All the cost analysis was done in May 2020, all prices have been taken from the official Google Platform pricing lists:

Management

GKE is a fully managed service provided by GCP meaning that you don’t need to worry about, backups, recoveries, availability, scalability, certificates… even authentication to the cluster is managed by Google.

You’ll have to set up these features if you choose to host your control-plane. Also, other features can be customized in a self-managed setup: audit-logs, enable Kubernetes API server feature flags, set up your own authentication provider and other platform services.

So, if you need to set up a non-default cluster, you should consider going with the self-managed cluster. Otherwise, GKE is a good option.

Day two operations

As mentioned before, GKE is responsible for making the Kubernetes control plane fully operational with a monthly uptime percentage of at least 99.95%.
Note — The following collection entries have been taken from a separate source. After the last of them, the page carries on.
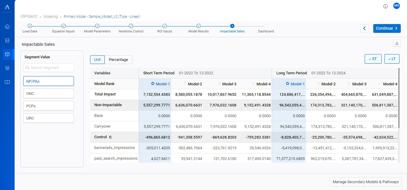 - Clear distinctions between control and promotional variables with table divisions and icons, in the impactable sales, improve experience and usability, ultimately driving more effective business outcomes.
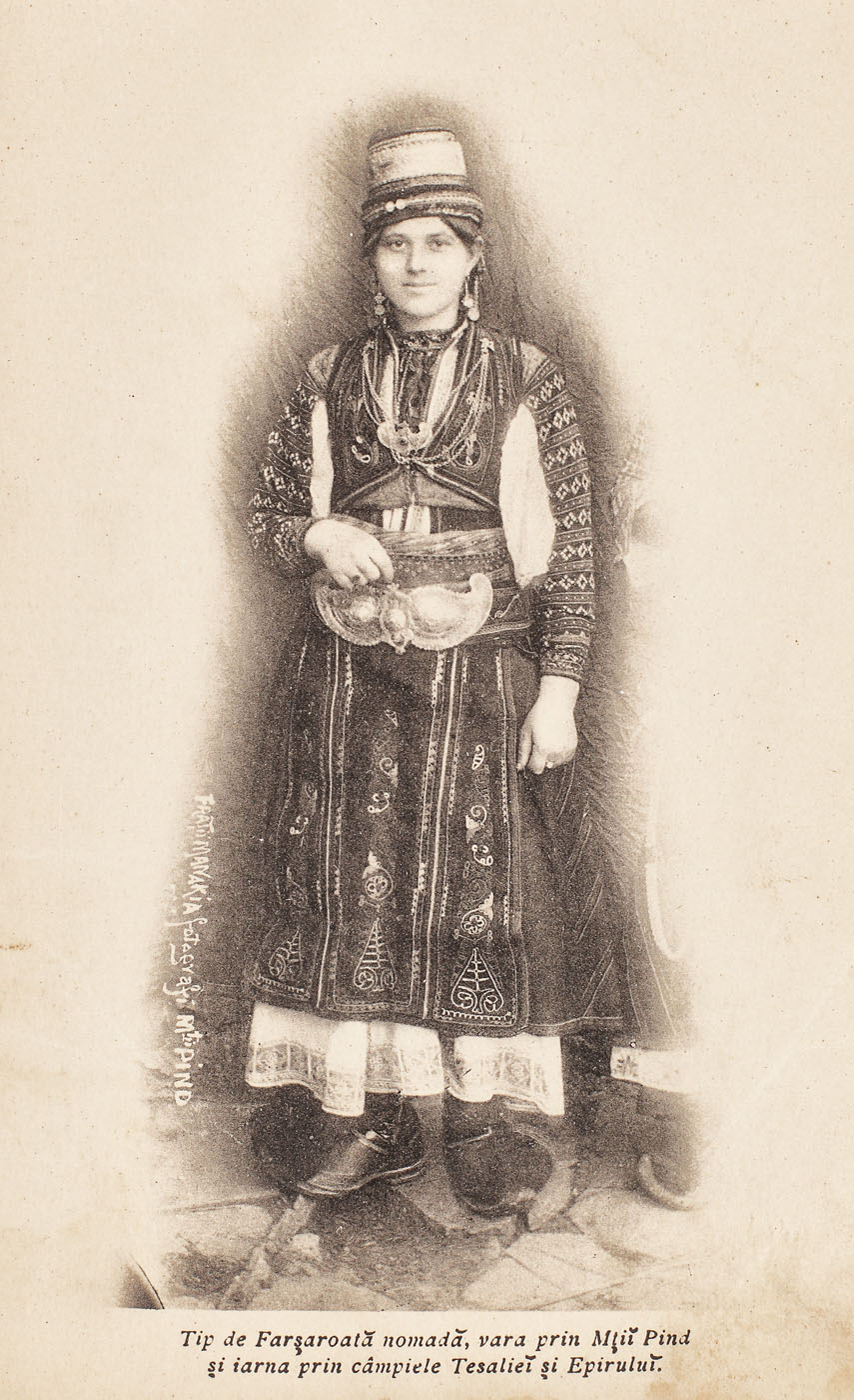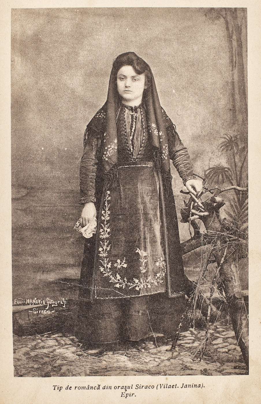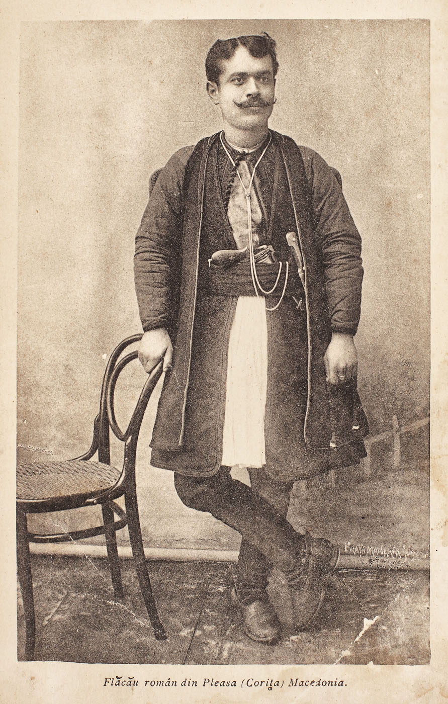 74. Album de colecţie, reprezentând așezări macedo-române și aromâni în costume tradiționale, din Macedonia și Albania, realizat de frații Manakia "experți fotografi și foto-cinimatografi", cca. 1908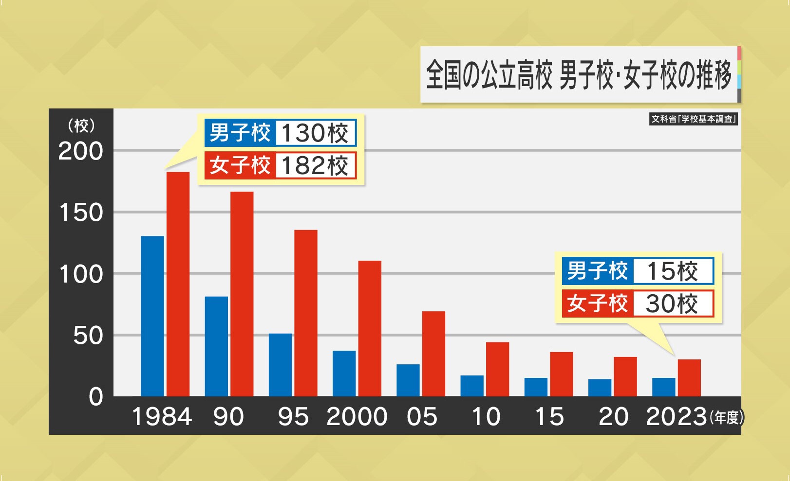 全国の公立高校での男子校・女子校の推移ですが、男・女別学の公立高校は急激に減っています。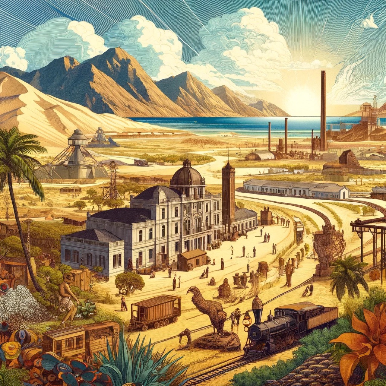 Un'immagine artistica che rappresenta la Companhia de Mossamedes negli anni '20, ispirata alla storia e al contesto della società. La scena include paesaggi africani come deserti, montagne e la costa dell'Angola, insieme a elementi di infrastrutture come ferrovie, porti e attività minerarie. Sono stati incorporati anche stili architettonici coloniali e motivi decorativi floreali e geometrici.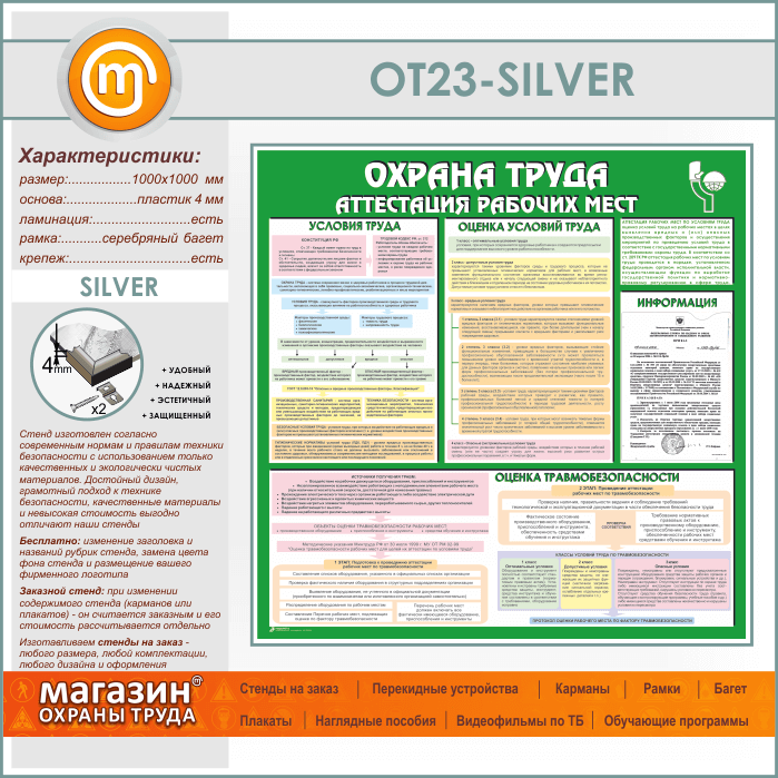 Стенд «Охрана труда. Аттестация рабочих мест» с карманом (OT-23-SILVER) в Череповце купить

source: https://cloud.google.com/kubernetes-engine/sla

On the other side, in a self-managed set up you have to worry about backups, disaster recovery strategies, HA setup, certificate rotations, control-plane and worker updates.

Requirements

As mentioned in the common requirements the operator who is responsible for creating a GKE cluster has to have connectivity from the operator’s machine (bastion host, laptop with configured VPN…) to the network where the cluster will be placed.
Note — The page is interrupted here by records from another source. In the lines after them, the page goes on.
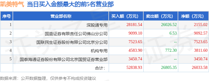 从龙虎榜公布的当日买卖数据来看,机构合计净买入3811.6万元,北向资金合计净买入2155.02万元。佛山系、毛老板、一瞬流光等知名游资榜上有名。(知名游资佛山系一般指国盛证券有限责任公司佛山分公司席位、知名游资毛老板一般指国泰海通证券股份有限公司北京国贸证券营业部席位、知名游资一瞬流光一般指中泰证券股份有限公司湖北分公司席位,根据市场资料整理,仅供参考)
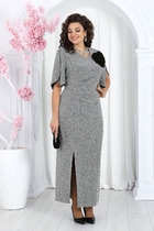 Элегантное платье с красивым декольте с мерцающими кристаллами придётся по душе ценителям нежного и женственного дизайна. А также дополнено интересными рукавами-крылышками, придающими романтичное настроение. В среднем шве спинки обработаны застёжка на навесную петлю-пуговицу и шлица. Модель выполнили из приятной немнущейся ткани, красиво струящейся во время носки. Прямой крой позволяет носить изделие как свободным, так и подчеркнув талию поясом-завязкой. Платье украсит любое событие — от семейного торжества до романтического вечера, а его уникальный дизайн всегда будет выделять его владелицу среди остальных.
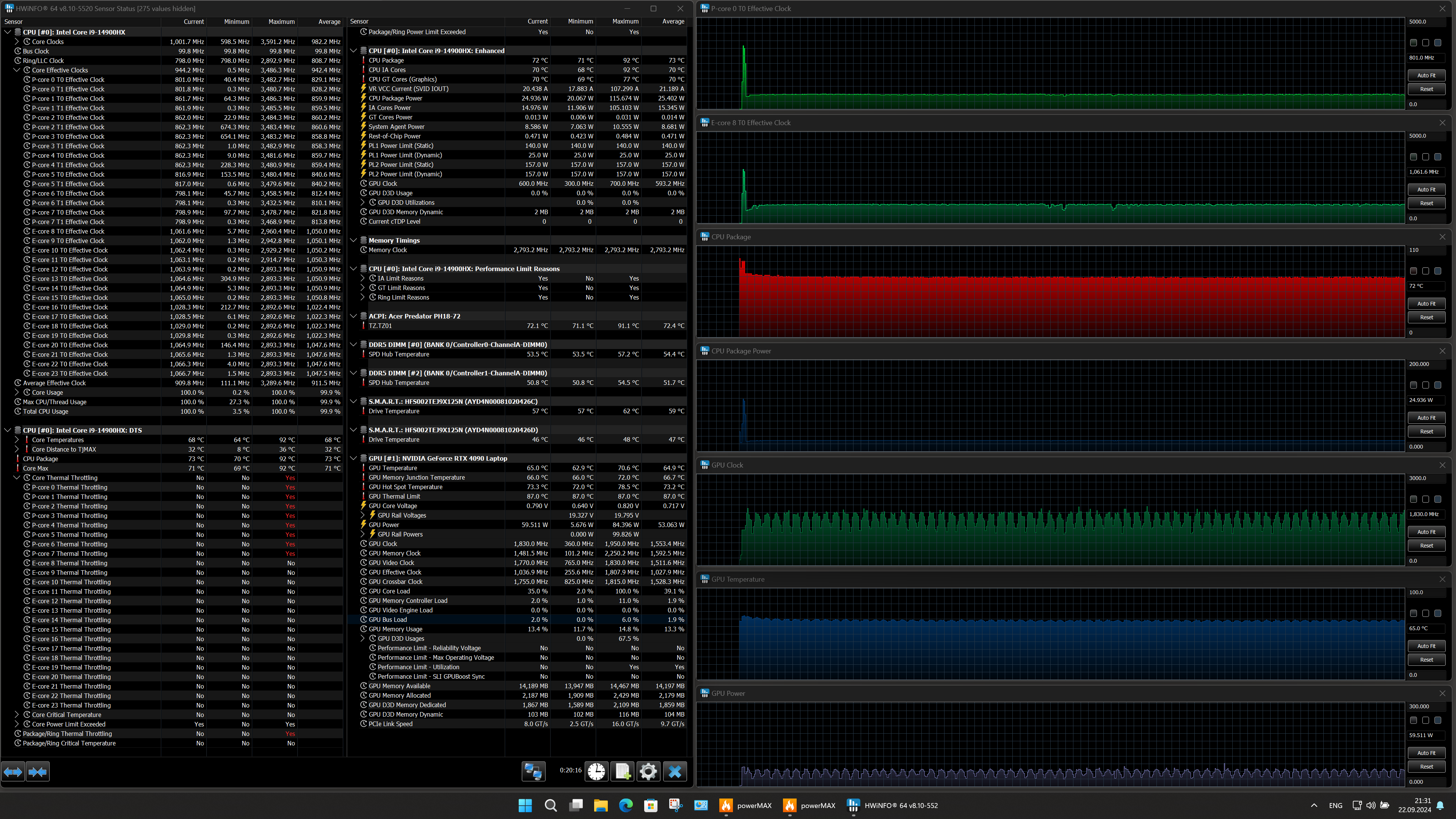 | Процессор | Intel Core i9-14900HX: 8 P-ядер/16 потоков (2,2/5,8 ГГц), 16 E-ядер (1,6/4,1 ГГц), TDP 45 Вт (45—55/157 Вт), Tjmax 100 °C | |

The machine used to create the cluster should have installed:

  • OS tooling like: git, ssh, curl and unzip.
  • terraform version 0.15.4.
  • latest gcloud CLI version.

Cloud requirements

This installer requires to have mainly three requirements:

  • Dedicated VPC.
  • Enough permissions to create all resources surrounding the GKE cluster.
  • If your workloads need to have internet connectivity, you should understand how connectivity works in a GKE private cluster: Using Cloud NAT with GKE Cluster

Gather all input values

Before starting to use this installer, you should know the value of the input variables:

  • cluster_name: Unique cluster name.
  • cluster_version: GKE version to use. Example: 1.20.9-gke.700. Take a look to discover available GKE Kubernetes versions.
  • network: Network name where the cluster will be created.
  • subnetworks: List of three subnetworks names:
    • index 0: The subnetwork to host the cluster.
    • index 1: The name of the secondary subnet IP range to use for pods.
    • index 2: The name of the secondary subnet range to use for services. All subnetworks should belong to network.
  • ssh_public_key: Cluster administrator public ssh key. Used to access cluster nodes with the operator_ssh_user
  • dmz_cidr_range: Network CIDR range from where the cluster’s control plane will be accessible.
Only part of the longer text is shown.